[EXERCISE REQUIREMENTS]
All lines from the one holding "Table 1. Crisis" through the last line of the entries below must be transcribed exactly, and no others. Pictures do not go in.

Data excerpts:

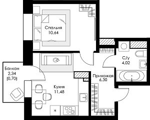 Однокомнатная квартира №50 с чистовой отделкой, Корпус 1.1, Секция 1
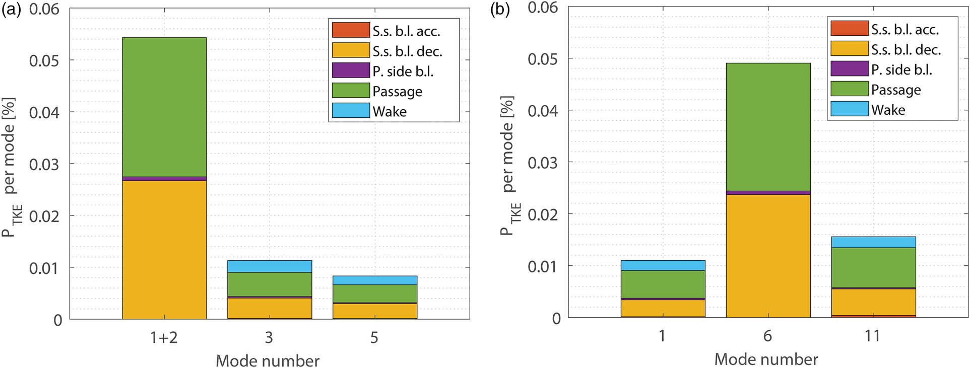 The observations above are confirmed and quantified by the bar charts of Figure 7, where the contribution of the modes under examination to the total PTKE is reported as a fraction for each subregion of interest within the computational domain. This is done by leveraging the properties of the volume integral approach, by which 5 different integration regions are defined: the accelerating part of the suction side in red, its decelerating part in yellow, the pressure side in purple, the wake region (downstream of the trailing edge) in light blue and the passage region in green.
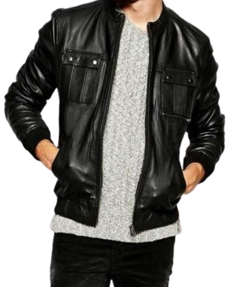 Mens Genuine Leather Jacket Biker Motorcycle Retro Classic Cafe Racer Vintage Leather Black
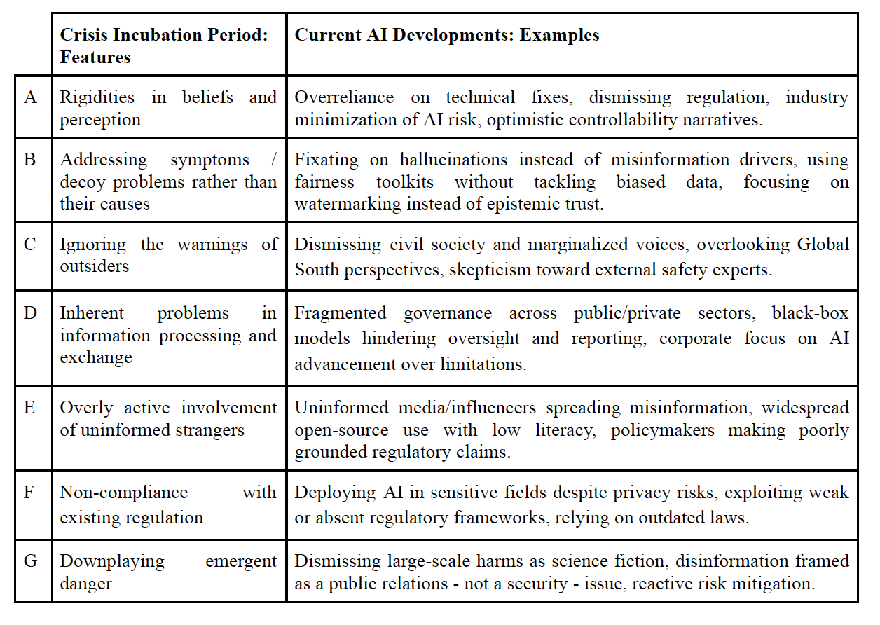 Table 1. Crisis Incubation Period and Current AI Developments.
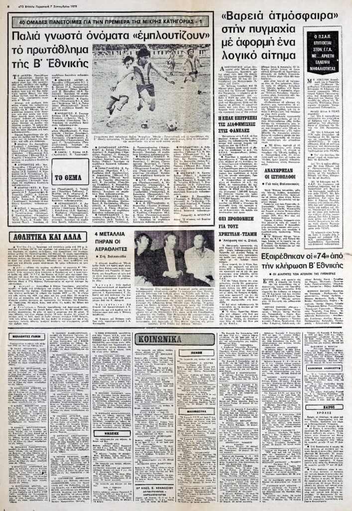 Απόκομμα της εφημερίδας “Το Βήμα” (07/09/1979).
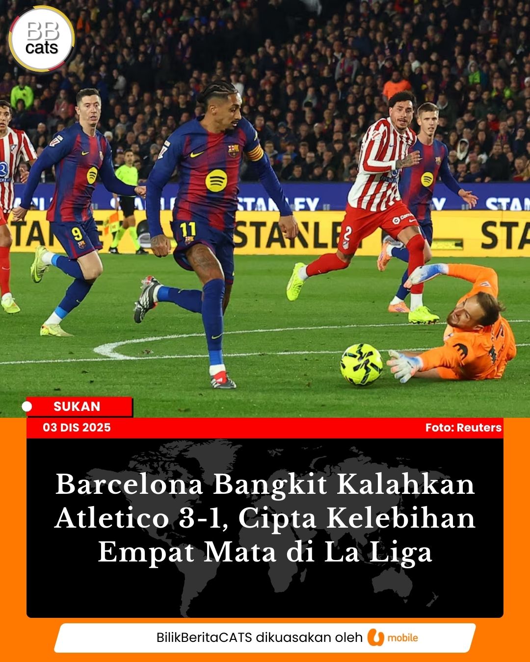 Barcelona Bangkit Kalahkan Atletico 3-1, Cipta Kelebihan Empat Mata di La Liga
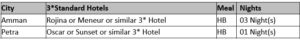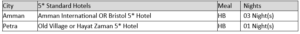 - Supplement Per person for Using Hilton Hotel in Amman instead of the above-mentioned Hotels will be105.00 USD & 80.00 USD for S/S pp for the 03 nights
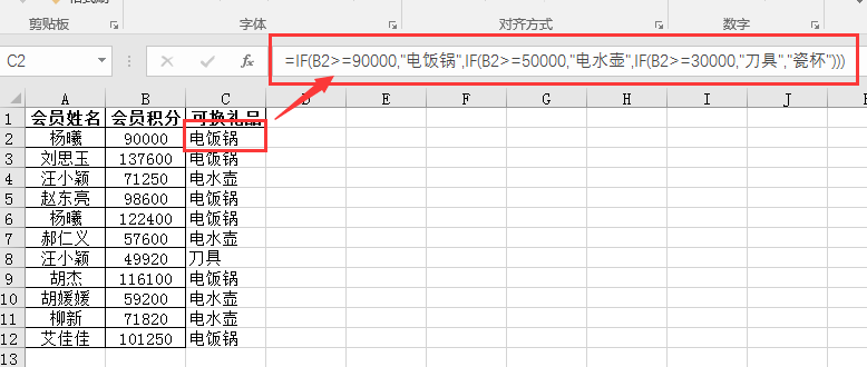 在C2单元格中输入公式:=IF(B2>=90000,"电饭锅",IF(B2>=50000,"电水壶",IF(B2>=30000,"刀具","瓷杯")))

[TASK RESPONSE]
 Table 1. Crisis Incubation Period and Current AI Developments.
 Απόκομμα της εφημερίδας “Το Βήμα” (07/09/1979).
 Barcelona Bangkit Kalahkan Atletico 3-1, Cipta Kelebihan Empat Mata di La Liga
 - Supplement Per person for Using Hilton Hotel in Amman instead of the above-mentioned Hotels will be105.00 USD & 80.00 USD for S/S pp for the 03 nights
 在C2单元格中输入公式:=IF(B2>=90000,"电饭锅",IF(B2>=50000,"电水壶",IF(B2>=30000,"刀具","瓷杯")))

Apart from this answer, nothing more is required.